◆ What you have to do ◆
Among the lines below, output only those between the line holding "Figure 6 illustrates" and the line holding "Tapeta Fontanna, Zima, Latarnie, Grafika AI", inclusive, exactly as written and with no pictures.

◆ Available data ◆
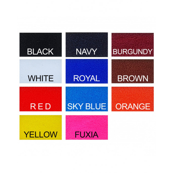 | Couleur | Blanc, Bleu ciel, Bleu marine, Bleu royal, Bordeaux, Fushia, Jaune, Marron, Noir, Orange, Rouge |
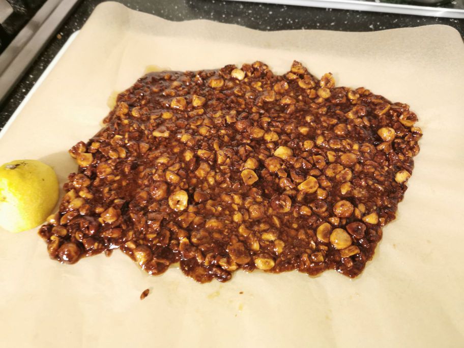 Retire do forno e deixe esfriar. Transfira o bolo para um prato de servir e decore com o crocante em pedaços, fantástico
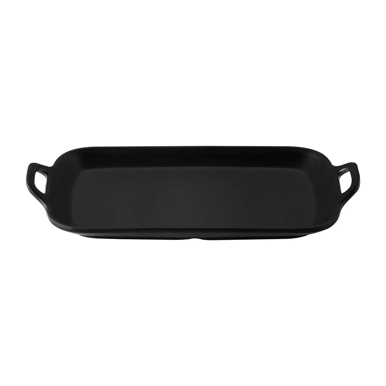 Elevate your dining experience with our sleek and sophisticated matte black serving platter, meticulously crafted for those who appreciate elegance in presentation. This rectangular platter, measuring 10-3/8" by 5-1/2", offers the perfect canvas for showcasing your culinary creations, making it an essential addition to any stylish table setting. Designed with dual handles, this platter ensures easy and stable transport from kitchen to table, enhancing both functionality and style. Its minimalist matte black finish complements a variety of tableware, from modern to traditional, allowing your dishes to take center stage. Ideal for serving an array of appetizers, entrees, or desserts, this platter is as versatile as it is chic. Whether hosting an intimate dinner party or a grand celebration, impress your guests with a presentation that speaks volumes of your taste and attention to detail. Crafted for durability and timeless appeal, this serving platter is more than just a dish; it's a statement piece that transforms everyday dining into an extraordinary culinary showcase.
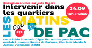 Le travail social dans certains quartiers s’effectue de manière transversale, en impliquant tant les associations que les communautés locales et les professionnel·les de ces services qui travaillent en première ligne, en contact direct avec les usager·ères. Qu’il s’agisse des CPAS ou des services sociaux de proximité (tels que l’Entr’aide des Marolles, active dans le centre de Bruxelles depuis plus d’un siècle), les institutions de travail social sont confrontées à un problème commun. Ce dernier s’articule autour de la distance grandissante entre les autorités publiques et certaines populations précarisées qui, depuis la crise sanitaire notamment, ont perdu confiance.
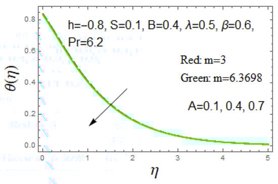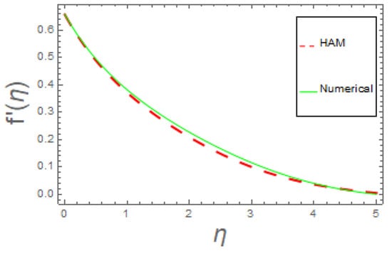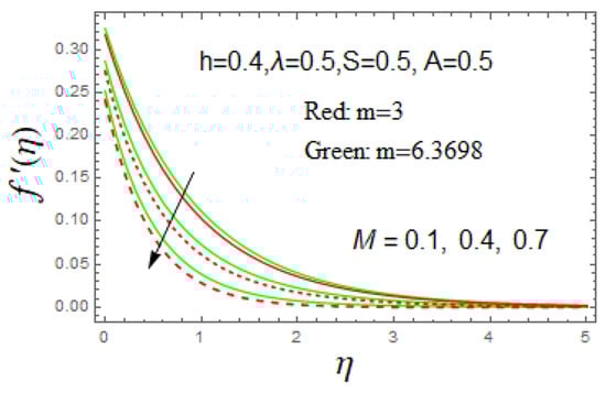 Figure 6 illustrates the influence of the magnetic parameter on the velocity field . It is revealed that the velocity of the fluid declined due to enhancement in magnetic parameters. The reality behind this is the application of a crosswise magnetic field, which leads to that of a drag force comparable to that of Lorentz, which shows up a resistance in the fluid flow, and as a result, it reduces the velocity of the fluid.
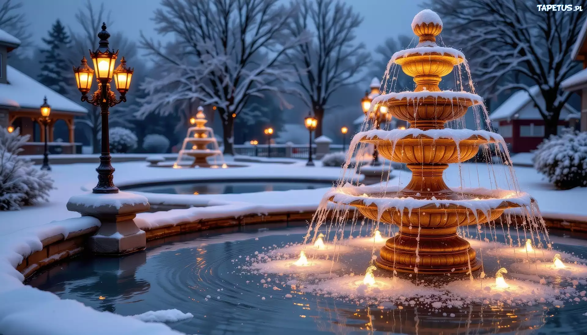 Tapeta Fontanna, Zima, Latarnie, Grafika AI
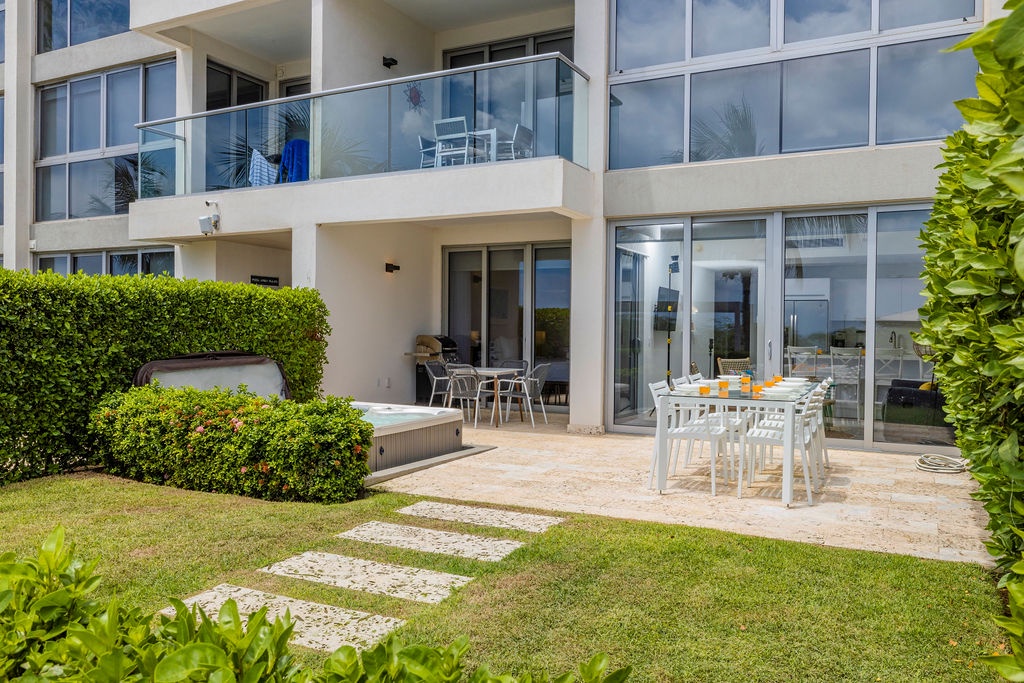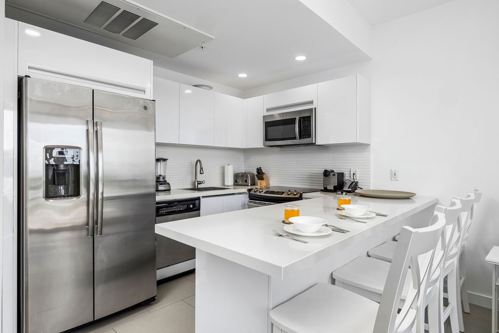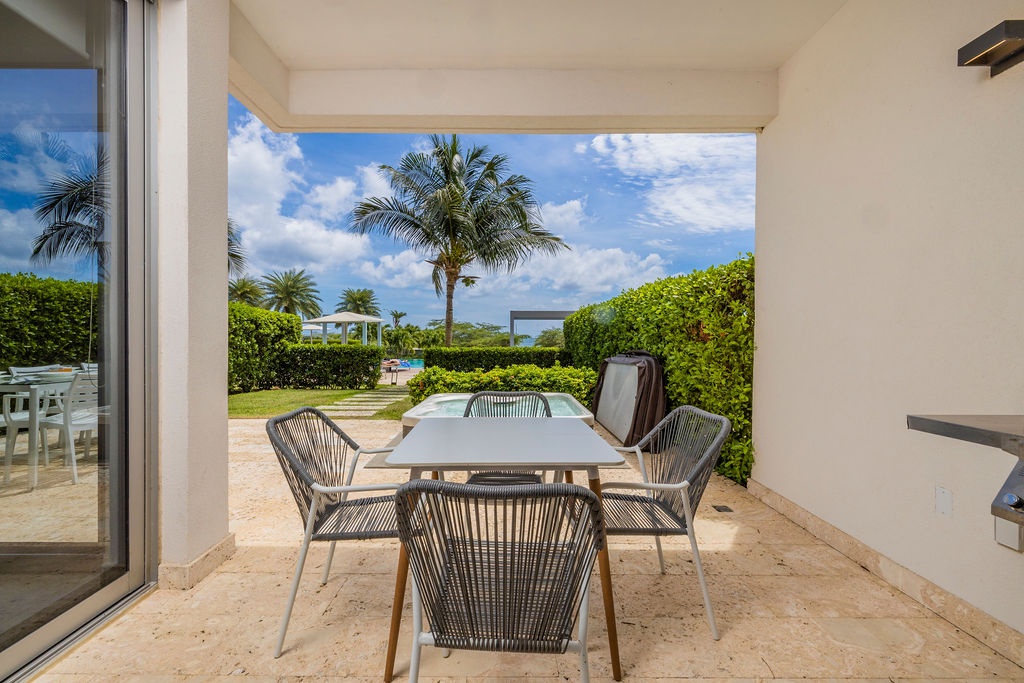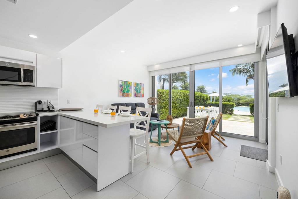 Whip up delicious meals in the chic, fully equipped kitchen, boasting white quartz countertops and custom glossy cabinets. Stainless steel appliances include a side-by-side fridge with an ice maker, convection oven, microwave, four-burner electric stove, and dishwasher. Start your day at the breakfast bar, which comfortably seats four, or dine al fresco on the patio, soaking up the tropical breeze and Caribbean vibes. As evening falls, fire up the BBQ grill to cook juicy steaks under the stars. The open layout keeps you connected to the action, whether you’re cooking or dining.
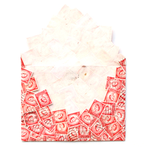 切手を貼りあわせた封筒なので重量的にも軽くって、それもあってかこの封筒自体がすごく「軽い」んです。軽やか。
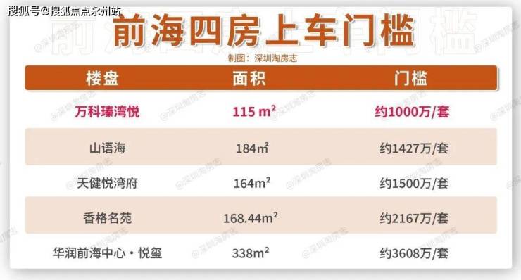 前海最新拍出的宅地,毛坯限价约10.7万/平,假如该项目未来也有四房产品,同面积段(按建面115平计算)的产品上车门槛(按建面115平、单价10.7万/平计算)比起万科瑧湾悦至少要贵200多万。
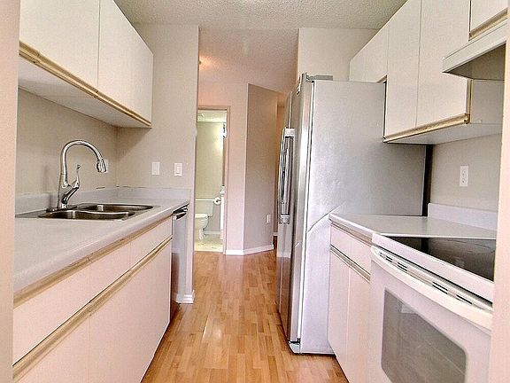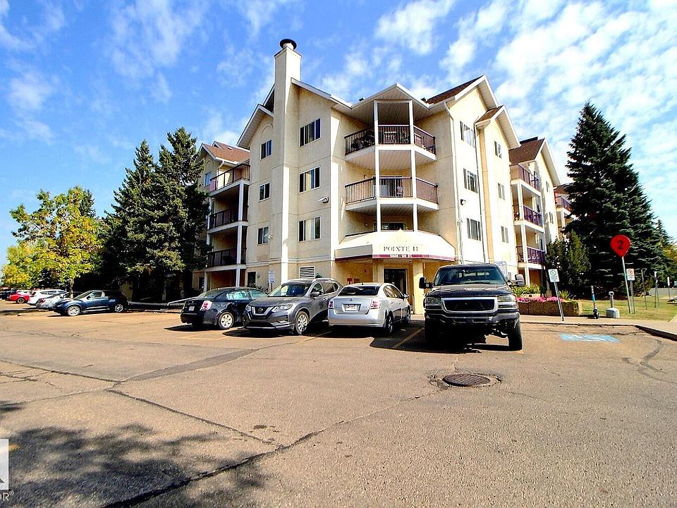 Great opportunity to own in The Pointe Downtown! This spacious 2-bedroom, 2-bathroom unit offers over 1,000 sqft and 1 covered parking stall. One of the largest units in the complex with FRESH PAINT, NEWER BOSCH DISHWASHER & NEW WINDOWS. Convenient for all local amenities and Grant MacEwan. Gally Kitchen open is open to the dinning space living room. Patio doors leading to a nicely sized South/West facing balcony. The private Primary suite offers a walk-through closet which leads to a 4-piece ensuite. The second bedroom is located on the other side of the unit along with the main 4 piece bathroom and in suite laundry/storage room. This is an ideal unit for the first time buyer or investor. all measurements are approximate and should be confirmed by purchaser. Floor area from condo plan. Conveniently located near Oliver Square, Safeway, shopping, restaurants, Grant MacEwan University and Rogers Place plus easy access to public transportation. This complex is well maintained and offers plenty
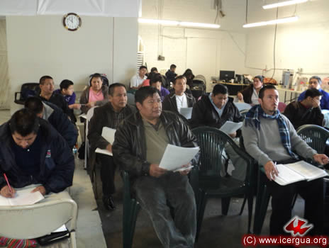Arriba: el Hermano Marcos de San Miguel Acatán, mientas expone la situación de las comunidades de ese municipio.
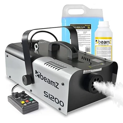 beamz S1200 MKII Remote Control Smoke Machine with 5L Blue Fluid & Cleaner Perfect for Parties, Events, Halloween much more Professional Fog Machine,
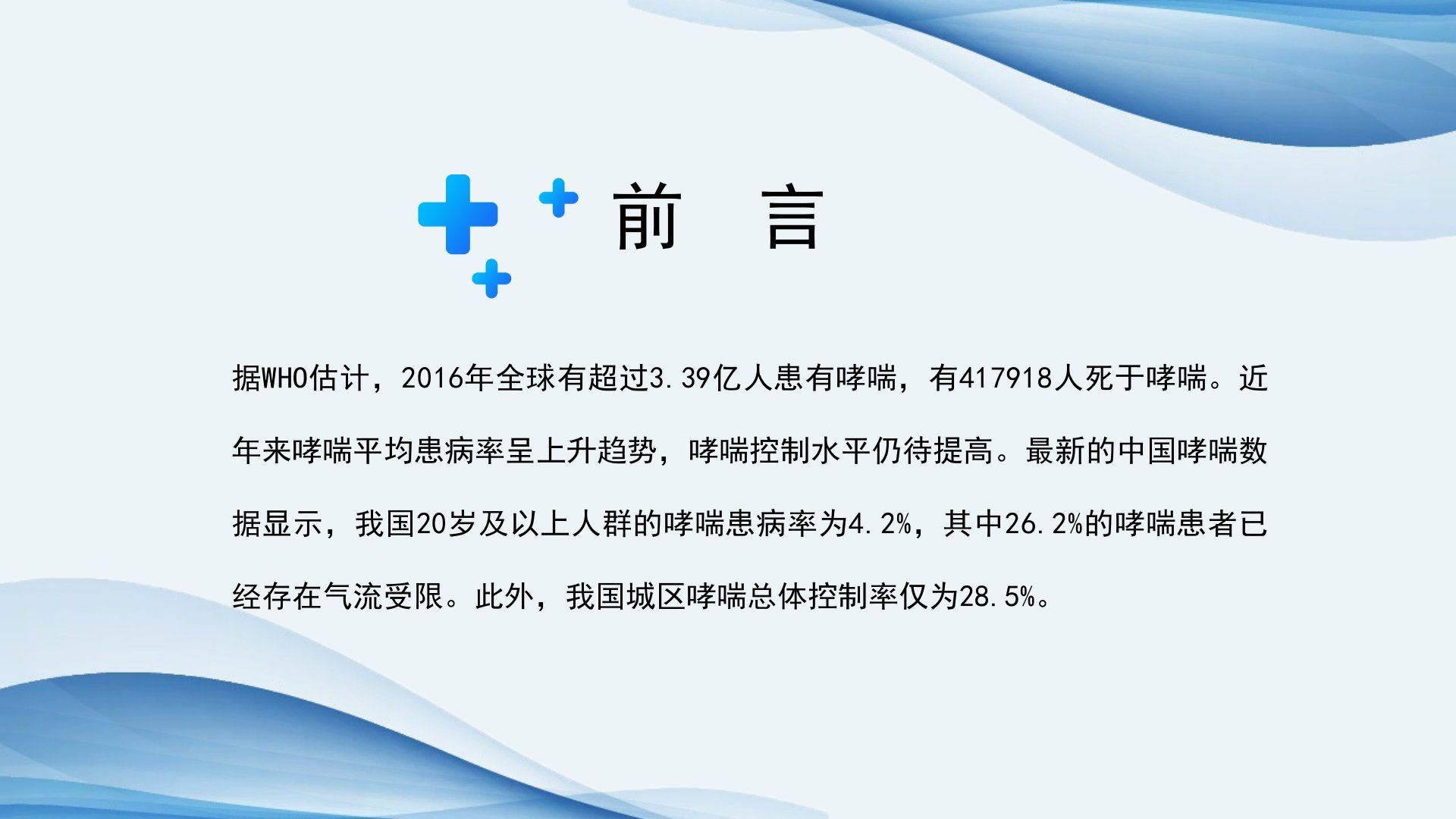 防治哮喘正确认识哮喘远离“会呼吸的痛”摘要据WHO数据2016年全球超339亿人患哮喘417918人死于哮喘我国20岁及以上人群哮喘患病率为42城区总体控制率仅285。世界哮喘日每年5月第一个周二2022年5月3日是第二十四个世界哮喘日旨在加强人们对哮喘的了解增强防治和管理意识。哮喘是慢性气道炎症性疾病有过敏性、非过敏性之分反复发作会损害呼吸功能影响生活工作儿童还影响生长发育。其诱因包括遗传和环境因素。控制哮喘有“四早”原则过敏体质者、精神压力大者、空气污染严重区域者、鼻炎患者等易发人群要重点防护。哮喘存在诸多误区如认为只有呼吸困难才是哮喘、自行停药、认为哮喘长大自然好、认为哮喘治不好肯定经常犯、认为没有遗传或过敏史就不会患哮喘、认为运动可引发哮喘不能运动等。哮喘患者要自我防护远离过敏源佩戴口罩注意保暖禁烟禁酒合理饮食室内通风保持良好心态适当锻炼随身携带药物定期就医。
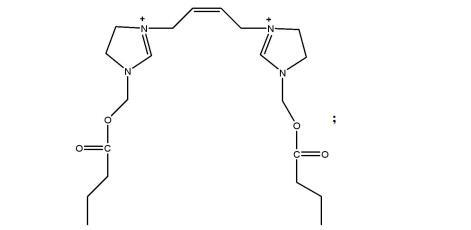 1,4-二((丁酰氧基)-3-甲基咪唑啉)丁烯的制備方法,包括:N-羥甲基咪唑啉和酰氯在四氫呋喃中反應,旋蒸得到產物,產物經洗滌后,加入正己烷和1,4-二溴丁烯攪拌反應,過濾后得到1,4-二((丁酰氧基)-3-甲基咪唑啉)丁烯。

◆ Your response ◆
 Figure 6 illustrates the influence of the magnetic parameter on the velocity field . It is revealed that the velocity of the fluid declined due to enhancement in magnetic parameters. The reality behind this is the application of a crosswise magnetic field, which leads to that of a drag force comparable to that of Lorentz, which shows up a resistance in the fluid flow, and as a result, it reduces the velocity of the fluid.
 Tapeta Fontanna, Zima, Latarnie, Grafika AI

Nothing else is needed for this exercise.